In the remaining time available, I want to cover the Government's response. First, I shall address the subject of the VAT cut, which was raised by a number of hon. Members. There is clear evidence that that cut has been passed on through reductions in prices, and it is transparently the case that it is a £12.4 billion boost to the economy. Opposition Members say that they would not have introduced the VAT cut, they would have done something else. They need to think about whether they are prepared to support a fiscal stimulus to the UK economy. They have opposed us on that all along the road, but they cannot spend money if they are not prepared to commit the resources.
That is exactly the case with the Conservative proposals in relation to the loan guarantee scheme, which was raised by Peter Luff. The Conservative party is split on that. The shadow Chancellor says that he wants a loan guarantee scheme and pretends that it will not cost any money. The shadow Business Secretary says clearly that the taxpayer will take some of the hit. Whether on the loan guarantee scheme or on inheritance tax, there is clearly a difference of opinion at the heart of the Conservative party.
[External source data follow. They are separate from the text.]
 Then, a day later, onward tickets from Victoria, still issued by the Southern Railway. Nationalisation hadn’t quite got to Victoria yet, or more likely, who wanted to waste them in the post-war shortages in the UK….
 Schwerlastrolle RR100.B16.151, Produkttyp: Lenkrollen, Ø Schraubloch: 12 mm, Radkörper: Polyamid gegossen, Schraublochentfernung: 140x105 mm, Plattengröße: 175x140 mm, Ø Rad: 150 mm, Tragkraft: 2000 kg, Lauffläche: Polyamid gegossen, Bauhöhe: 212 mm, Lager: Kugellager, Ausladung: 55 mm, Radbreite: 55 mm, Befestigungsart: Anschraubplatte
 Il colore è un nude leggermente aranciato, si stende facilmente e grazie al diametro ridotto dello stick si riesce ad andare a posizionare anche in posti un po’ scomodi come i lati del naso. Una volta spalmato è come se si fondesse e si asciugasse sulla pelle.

Let me move on and explain the Government's enterprise finance guarantee. Hon. Members should be realistic about Government programmes. The enterprise finance guarantee is up and running and is providing support to businesses. The actions that the Government have taken to stimulate extra lending into the economy have, through the asset protection scheme commitments made by Lloyds Banking Group and by RBS, led to an additional £27 billion being introduced into the economy and made available for loans over the next 12 months.
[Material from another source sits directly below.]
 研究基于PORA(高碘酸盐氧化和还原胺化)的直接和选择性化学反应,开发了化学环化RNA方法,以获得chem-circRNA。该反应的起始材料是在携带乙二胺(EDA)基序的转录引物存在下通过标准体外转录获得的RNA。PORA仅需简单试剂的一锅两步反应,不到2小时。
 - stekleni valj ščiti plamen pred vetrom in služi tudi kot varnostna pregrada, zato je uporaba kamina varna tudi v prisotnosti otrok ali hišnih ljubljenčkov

Under the enterprise finance guarantee scheme, about £30 million was offered to business last week. That is real progress. On the working capital scheme, a Government guarantee that supports £500 million more lending cannot be rustled up overnight. It requires extensive negotiations with the banks because it involves, potentially, taxpayers' guarantees that may be called. If the Opposition are serious, they should consider where the money will come from. They should recognise that such schemes take time and need to be negotiated. They must be right if the taxpayer is not to be exposed to completely unfair liabilities—
claimed to move the closure (
Question put forthwith, That the Question be now put.
Question agreed to.
Question accordingly negatived.
Question put forthwith (
Question agreed to.
The Speaker declared the main Question, as amended, to be agreed to (
Resolved,
That this House notes that the Government has recognised the problems that many businesses face and is committed to do all it can to help them through these testing times; recognises the action the Government has taken to give targeted support to businesses including a £20 billion working capital scheme, an aim to pay Government suppliers within 10 days, a cut in the main rate of value added tax to 15 per cent., a deferral in the increase in the small companies' rate of corporation tax, free business health checks, more than £100 million towards debt advice, the HM Revenue and Customs Time to Pay scheme benefiting 93,000 firms by deferring £1.6 billion in tax, and extension of Empty Property Relief; believes the Government's commitment to the annual Retail Price Index cap means that there has been no real terms increase in business rates since 1990; welcomes the Small Business Rate Relief scheme benefiting 392,000 businesses by £260 million in 2007-08; recognises that funding of almost £1 billion since 2005-06 has been provided through the Local Authority Business Growth Incentive scheme; further supports fairness in the system that ensures that properties are revalued every five years with transitional relief to phase in significant increases in bills from revaluation; and acknowledges help provided for businesses, including in ports, receiving unexpected and significant backdated rates bills by introducing an unprecedented eight years to pay, as part of a package of measures that ensures through the rates system there is certainly, fairness and appropriate relief for businesses.